Editors at the journal are now checking the authenticity of other published crystal structures, including all submissions from Jinggangshan University.

Half of the 200,000-odd crystal structures published by the journal during the past five years have come from China. William Harrison, a chemist at the University of Aberdeen, UK, who is one of three section editors for the journal, would not discuss the ongoing investigation but says that the generation of large numbers of structures by one group would not necessarily raise questions, because diffractometers can easily collect a couple of data sets a day. "In terms of papers submitted to Acta E, the vast majority coming from China are correctly determined structures, and they make a valuable contribution to science," he says.
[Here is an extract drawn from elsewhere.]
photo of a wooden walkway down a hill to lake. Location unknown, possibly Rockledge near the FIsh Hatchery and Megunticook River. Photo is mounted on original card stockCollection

Nevertheless, the Wuhan University study suggests that misconduct could be widespread in many fields. The team, led by computer scientist Shen Yang, used website analyses and onsite investigations to identify a wide range of dubious publishing activities. These include ghostwriting theses and academic papers on fictional research, bypassing peer-review for payment, and forging copies of legitimate Chinese or international journals.

The researchers analysed the most popular 800 websites involved in such activities — which together rack up 210,000 hits a day — and found that the cost of each transaction is typically 600–12,000 renminbi. Three-quarters of the demand comes from universities and institutions, says Shen. "There is a massive production chain for the entire publishing process," he says.
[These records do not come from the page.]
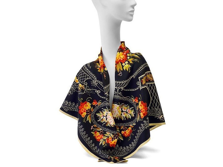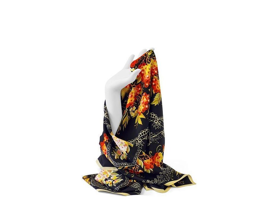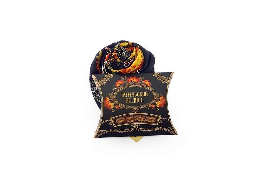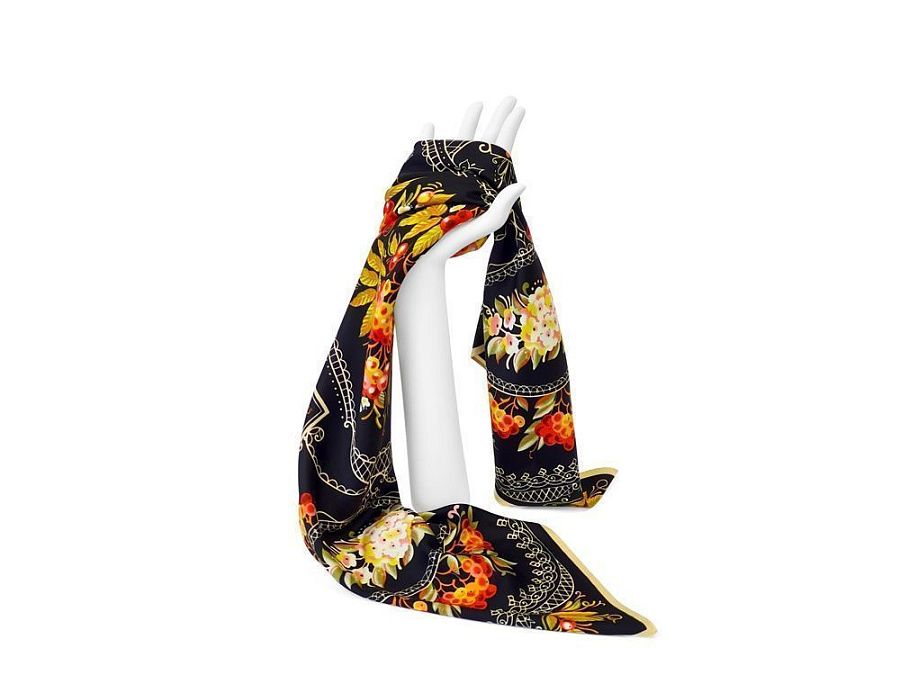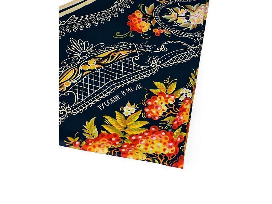 Платок «Тагильский поднос» станет ярким акцентом в вашем гардеробе. Насыщенная терракотово-чёрная цветовая гамма плодов всегда актуальна, а нежные оттенки цветов рябины внесут настроение романтичности и легкости.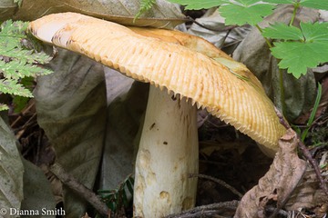 Ochre-yellow, viscid cap with marginal striations. SKIN PEELS back half way to disc. STAINS BROWN. Marzipan, maraschino cherries & almond odor turning unpleasant as the mushroom ages. Light spore-print. On ground deciduous or mixed woods. In the ‘foetid’ group of russulas, which includes Russula foetentula, Russula ventricosipes (in sand under pines), Russula mutabilis and Russula grata (Russula laurocerasi). Although the odor is initially nice, if strong, the mushroom is not considered palatable owing to its oily-acrid taste.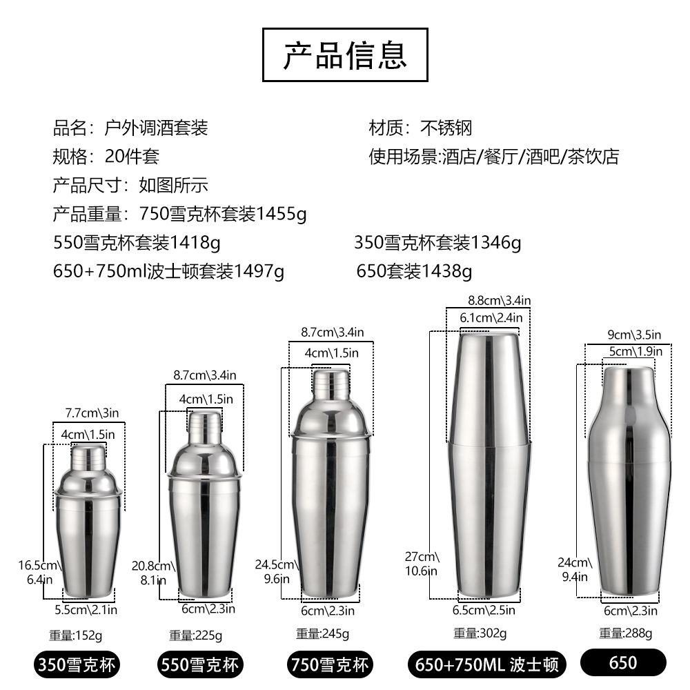 국경 간 직접 공급 스테인레스 스틸 칵테일 믹서 20 세트 바 도구 칵테일 가방 야외 어깨 가방 와인 세트 가방스토어 가기

Concerned by such trends, China's science ministry commissioned a survey of researchers, the results of which remain under wraps. However, several sources revealed to Nature that roughly one-third of more than 6,000 surveyed across six top institutions admitted to plagiarism, falsification or fabrication. Many blamed the culture of jigong jinli — seeking quick success and short-term gain — as the top reason for such practices, says Zeng Guopin, director of the Institute of Science Technology and Society at Tsinghua University in Beijing who was involved in running the survey.

The second most-cited cause is bureaucratic interference in academic activities in China. Most academic evaluation — from staff employment and job promotion to funding allocation — is carried out by bureaucrats who are not experts in the field in question, says Fang Shimin, a US-trained biochemist who runs a website called 'New Threads' that exposes research misconduct in China. "When that happens, counting the number of publications, rather than assessing the quality of research, becomes the norm of evaluation," he says.

Cao Nanyan, a colleague of Zeng's at Tsinghua, conducted a similar survey commissioned by the Beijing municipality, which surveyed 2,000 researchers from 10 universities and research institutions. It, too, found that roughly one-third of respondents admitted to illegitimate practices.

To critics such as Rao Yi, dean of the life-science school at Peking University in Beijing, the lack of severe sanctions for fraudsters, even in high-profile cases, also contributes to rampant academic fraud. Many researchers criticize the fact that Chen Jin, a former researcher at Shanghai Jiao Tong University who is accused of falsely claiming to have developed a series of digital signal-processing chips, was fired with no other repercussions. Meanwhile, others involved in the scandal have gone unpunished.

"You send out a very wrong signal when such high-profile cases are not dealt with properly," says Rao.